[Stored data]
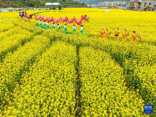 3月31日,農(nóng)歷三月初三,民間藝人在浙江省溫嶺市石橋頭鎮(zhèn)下宅金村表演(無(wú)人機(jī)照片)。(新華社發(fā) 徐偉杰 攝)
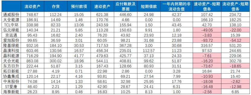 当然,如果将存货的变现也考虑在内,只用流动资产-短期债务的方式衡量相关企业的偿债能力,除弘元绿能、爱旭股份、东方日升外,其他的几家大型上市光伏企业表现均较好。
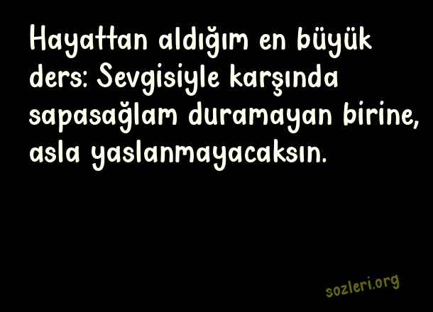 Hayattan aldığım en büyük ders: Sevgisiyle karşında sapasağlam duramayan birine, asla yaslanmayacaksın. ( Sevenler İçin Mesajlar )
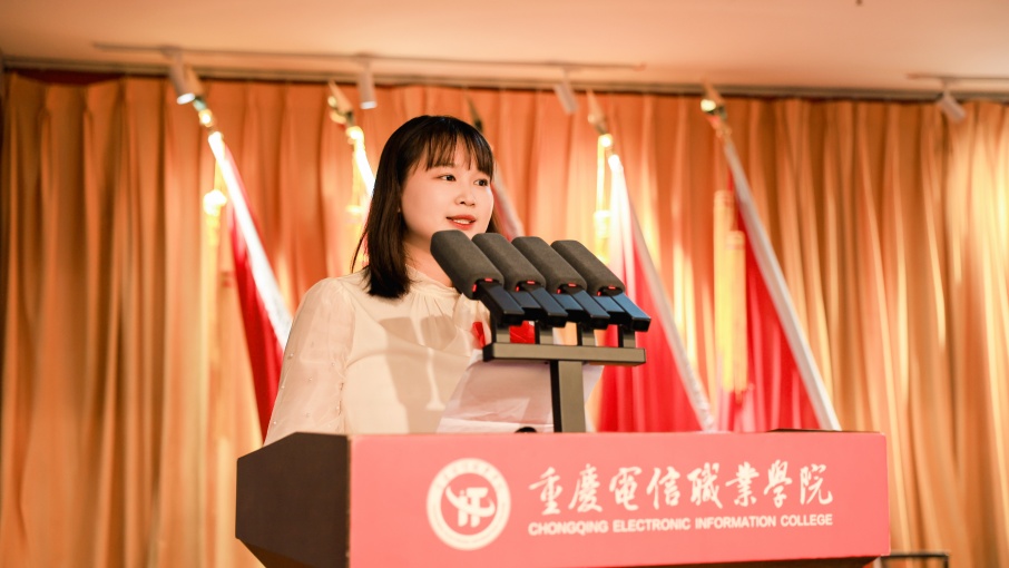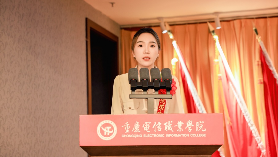 教育与设计学院教师陈贤湫作为优秀青年教师代表发言。她表示,在电信学院这一年的成长进步表示离不开学校提供的“成长平台”、离不开学院领导与同事的“温暖托举”、离不开学生们“配合支持”,未来将以教育家精神为指引,用更饱满的热情、更严谨的态度投入工作,为培养更多优秀高素质应用型人才贡献力量。
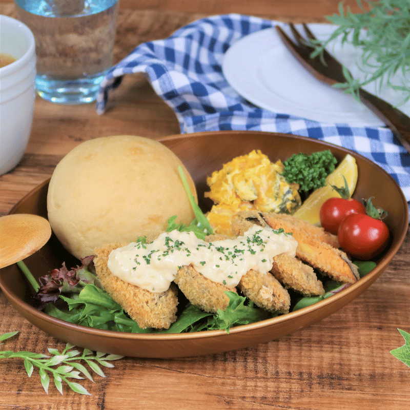 ランチプレートにしたり、カットされたサイズのフライなので、お弁当にも最適です。
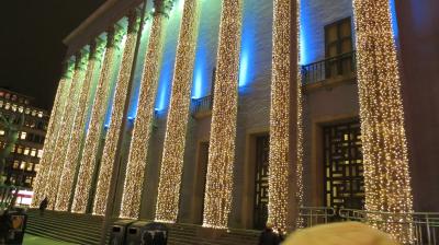 ヒョートリエット広場で見たライトアップされたコンサートホール
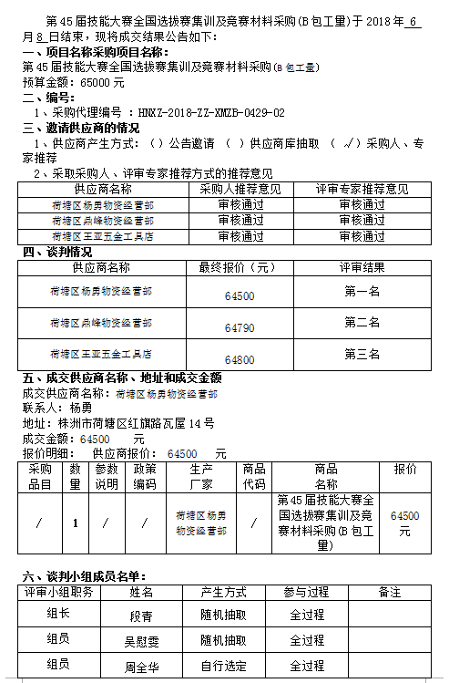 第45屆技能大賽全國選拔賽集訓及競賽材料采購 (B包工量) 競爭性談判成交公告
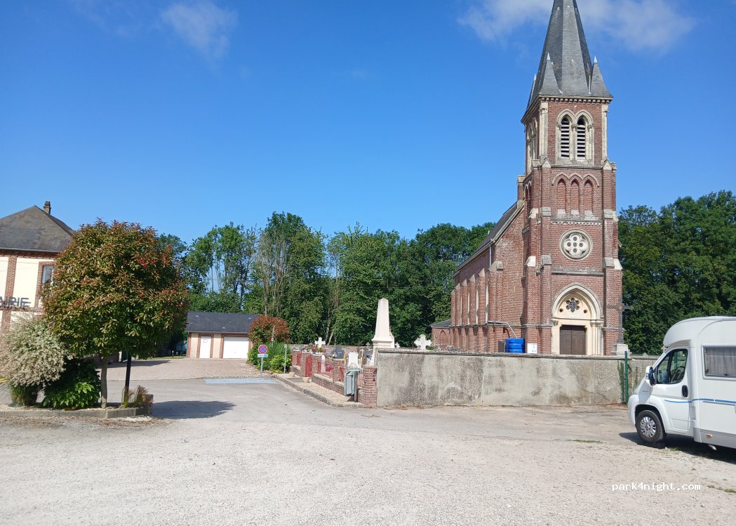 Parking près de la mairie, de l’église et d’une pâture. lieu très calme pour passer une nuit suite à notre retour de Bretagne. Le réveil est réglé à 7 h (90 coups de cloche). Des toilettes sont présentes mais non fonctionnelles lors de notre passage .
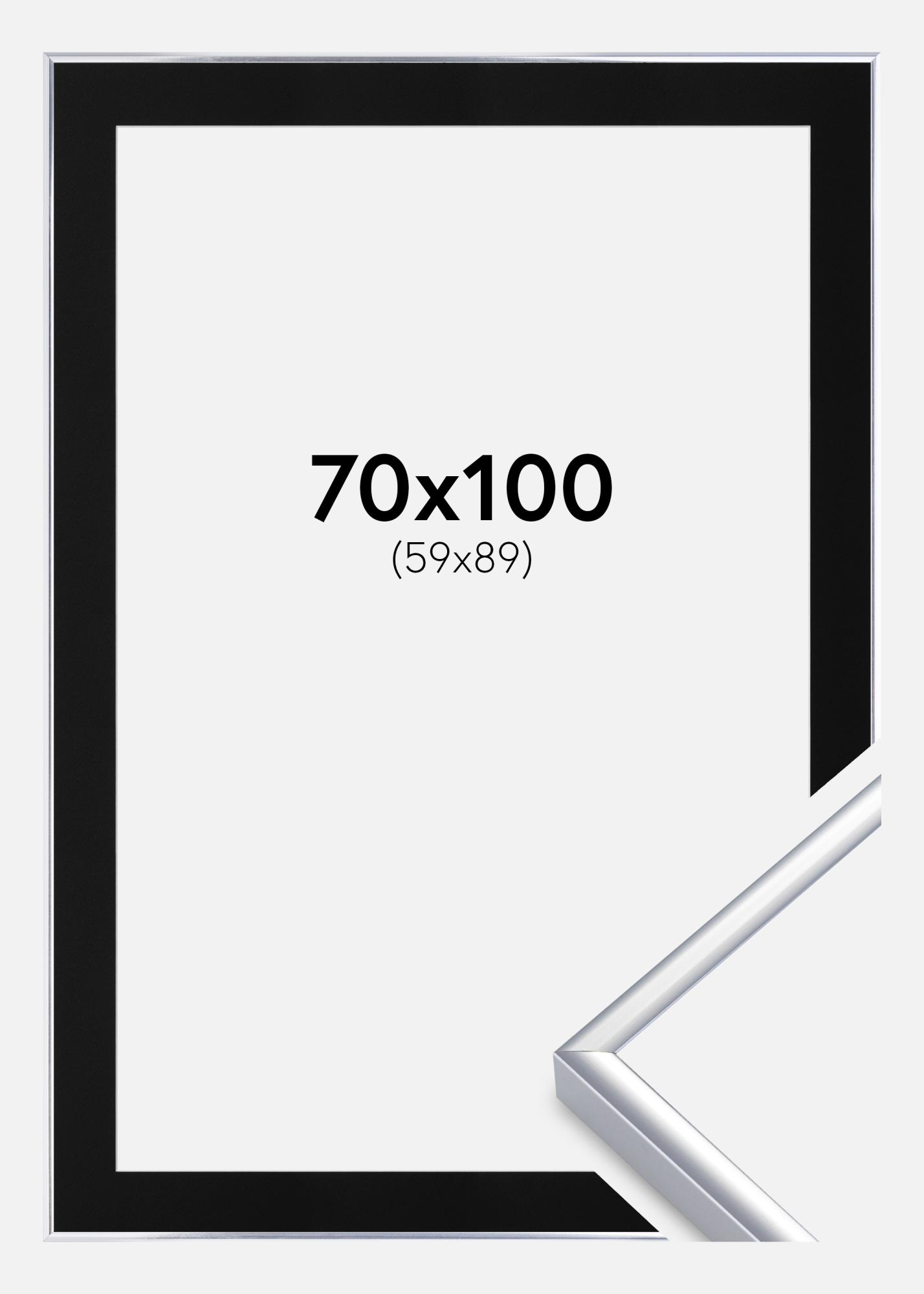 Cadre Aluminium Brillant Argent 70x100 cm - Passe-partout Noir 60x90 cm
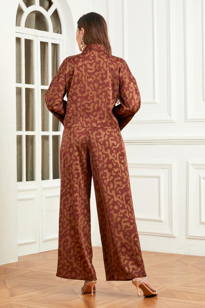 طقم نسائي عصري: سترة بأكمام طويلة وتصميم جيوب مع بنطلون طويل
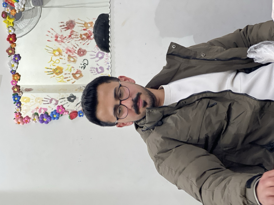 A male individual is depicted seated indoors in Al-Qanawat Municipality, Syria
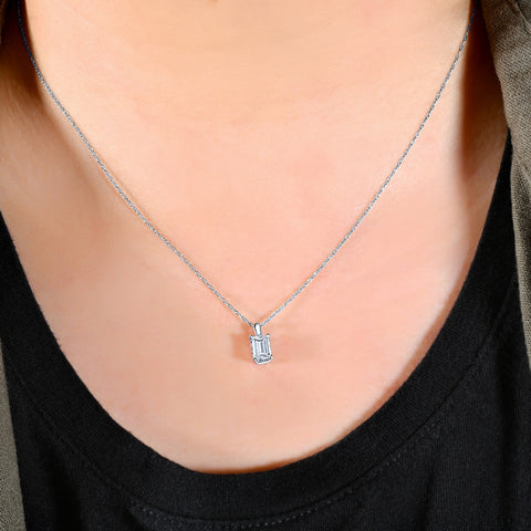 2 Ct Emerald Diamond Solitaire Pendant 14k White Gold Lab Grown

[Problem description] What you output must be exactly the lines from the line with "Hayattan aldığım en" through the last line of the listing, pictures excluded.

[Solution to the problem]
 Hayattan aldığım en büyük ders: Sevgisiyle karşında sapasağlam duramayan birine, asla yaslanmayacaksın. ( Sevenler İçin Mesajlar )
 教育与设计学院教师陈贤湫作为优秀青年教师代表发言。她表示,在电信学院这一年的成长进步表示离不开学校提供的“成长平台”、离不开学院领导与同事的“温暖托举”、离不开学生们“配合支持”,未来将以教育家精神为指引,用更饱满的热情、更严谨的态度投入工作,为培养更多优秀高素质应用型人才贡献力量。
 ランチプレートにしたり、カットされたサイズのフライなので、お弁当にも最適です。
 ヒョートリエット広場で見たライトアップされたコンサートホール
 第45屆技能大賽全國選拔賽集訓及競賽材料采購 (B包工量) 競爭性談判成交公告
 Parking près de la mairie, de l’église et d’une pâture. lieu très calme pour passer une nuit suite à notre retour de Bretagne. Le réveil est réglé à 7 h (90 coups de cloche). Des toilettes sont présentes mais non fonctionnelles lors de notre passage .
 Cadre Aluminium Brillant Argent 70x100 cm - Passe-partout Noir 60x90 cm
 طقم نسائي عصري: سترة بأكمام طويلة وتصميم جيوب مع بنطلون طويل
 A male individual is depicted seated indoors in Al-Qanawat Municipality, Syria
 2 Ct Emerald Diamond Solitaire Pendant 14k White Gold Lab Grown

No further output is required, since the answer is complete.